Problem description: Find the line containing "SURPHY Designed for", then print it and each line after it through the end of the listing exactly, with no pictures.

Raw data:
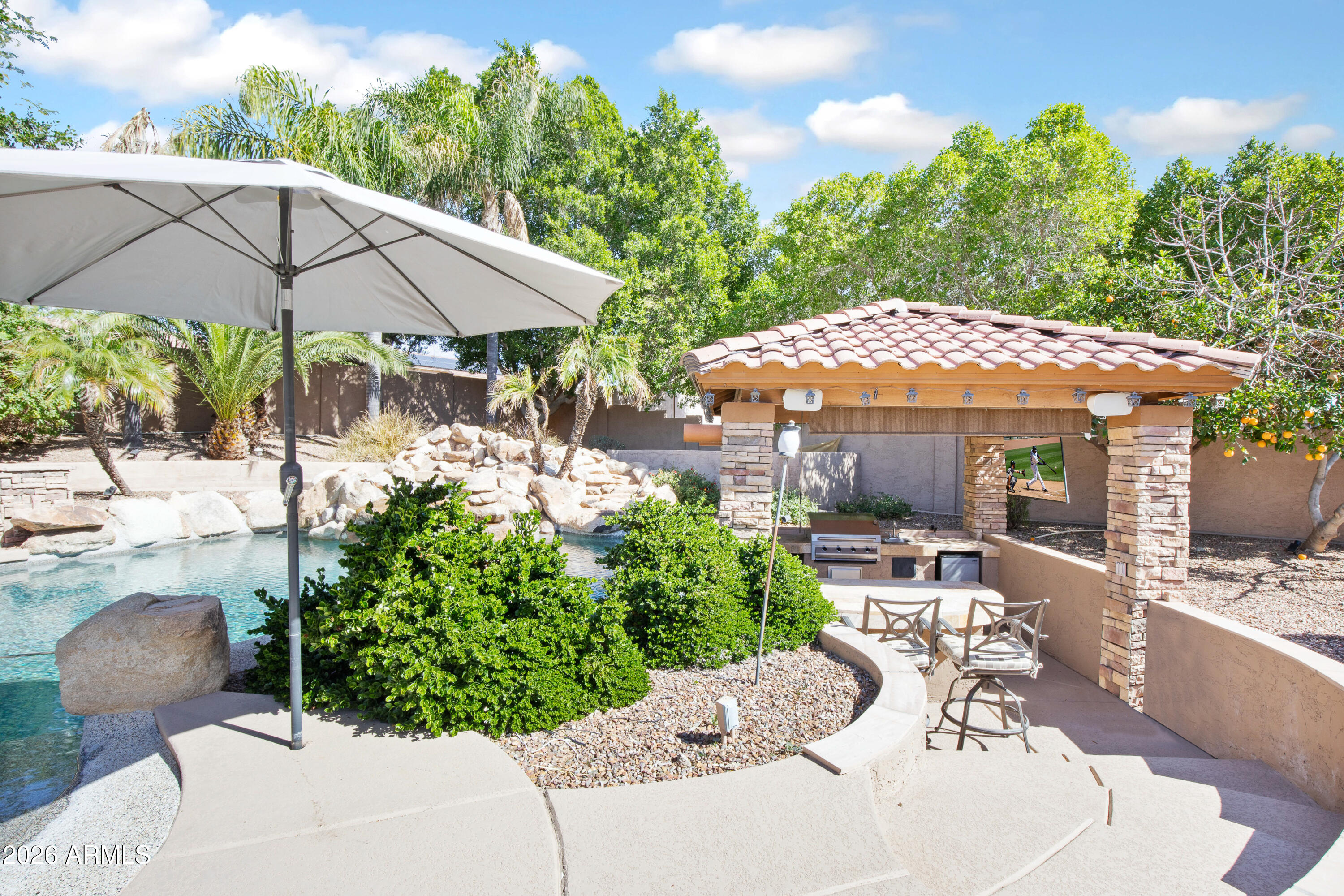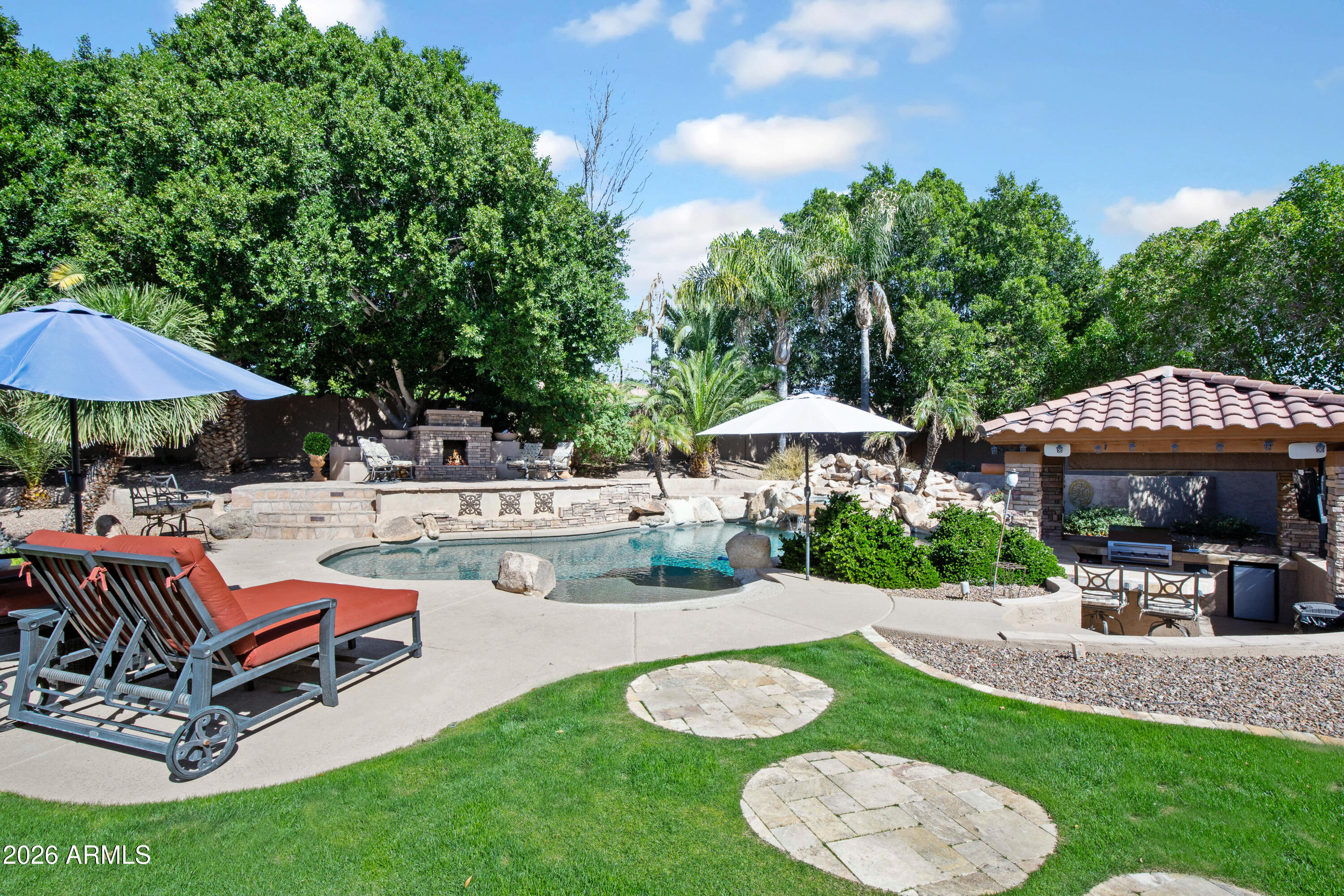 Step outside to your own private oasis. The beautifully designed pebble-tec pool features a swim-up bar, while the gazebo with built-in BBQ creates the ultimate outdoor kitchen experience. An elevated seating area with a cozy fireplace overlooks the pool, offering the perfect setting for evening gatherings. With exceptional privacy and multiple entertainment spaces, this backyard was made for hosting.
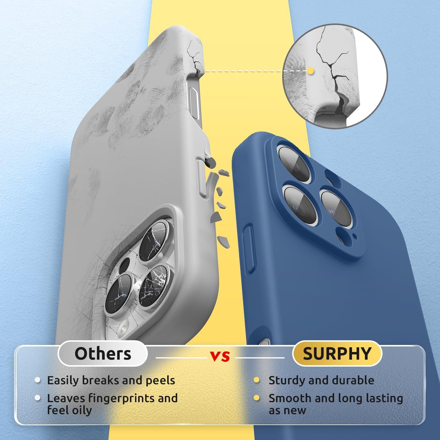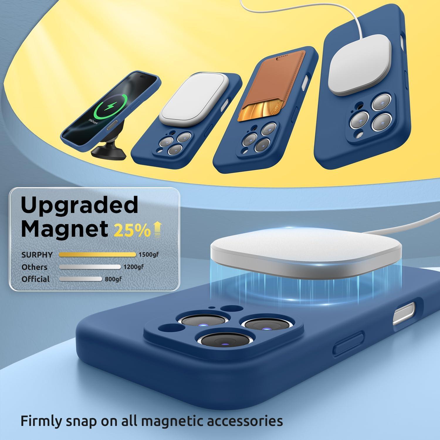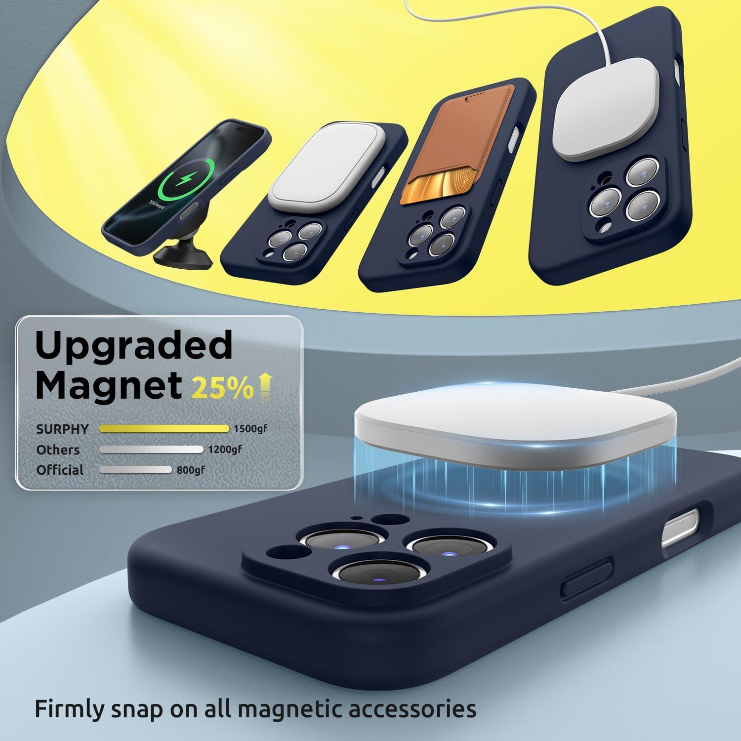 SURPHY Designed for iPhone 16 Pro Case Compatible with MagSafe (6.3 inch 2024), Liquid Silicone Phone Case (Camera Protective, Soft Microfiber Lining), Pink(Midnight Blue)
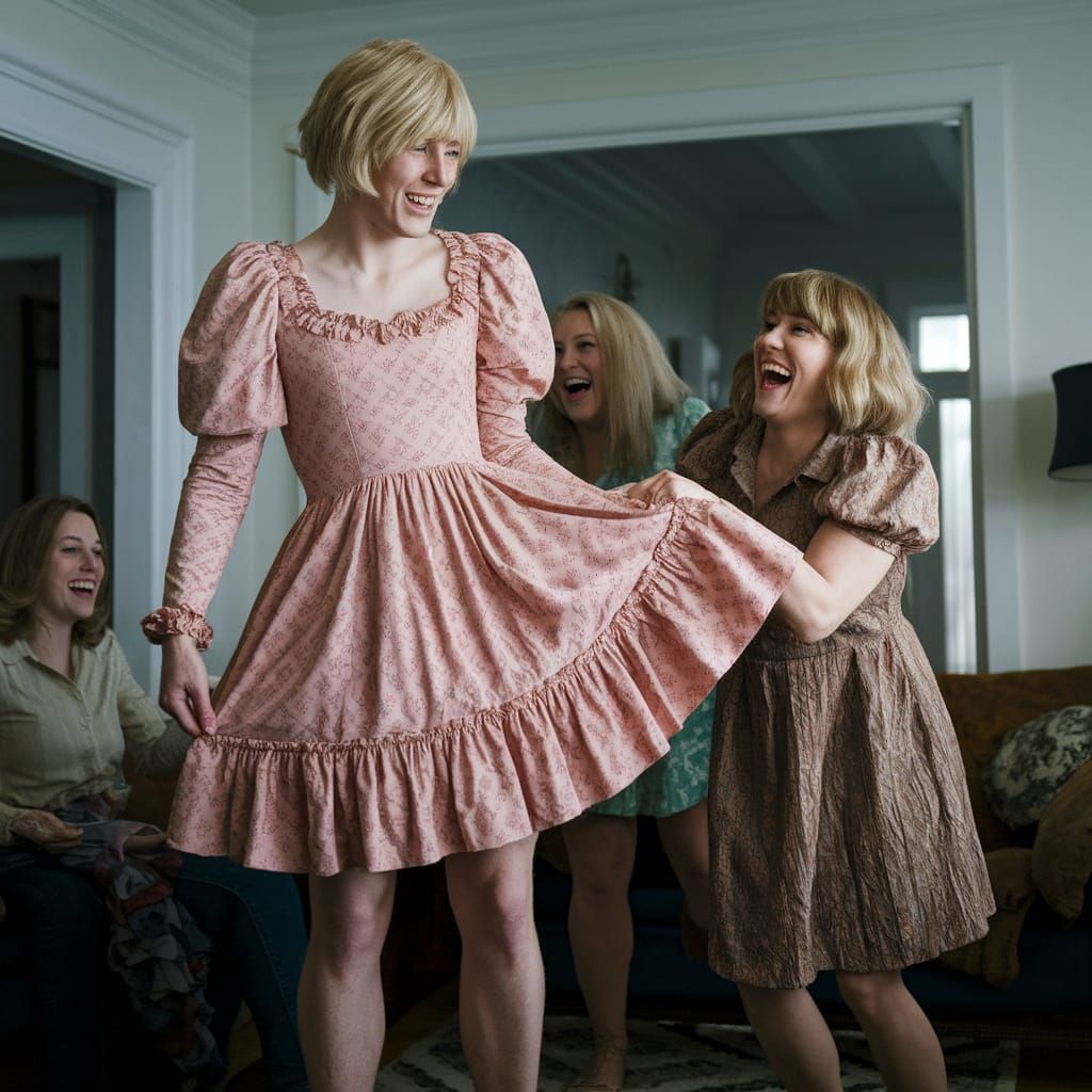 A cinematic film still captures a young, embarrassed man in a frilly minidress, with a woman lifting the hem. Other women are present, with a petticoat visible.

Task response:
 SURPHY Designed for iPhone 16 Pro Case Compatible with MagSafe (6.3 inch 2024), Liquid Silicone Phone Case (Camera Protective, Soft Microfiber Lining), Pink(Midnight Blue)
 A cinematic film still captures a young, embarrassed man in a frilly minidress, with a woman lifting the hem. Other women are present, with a petticoat visible.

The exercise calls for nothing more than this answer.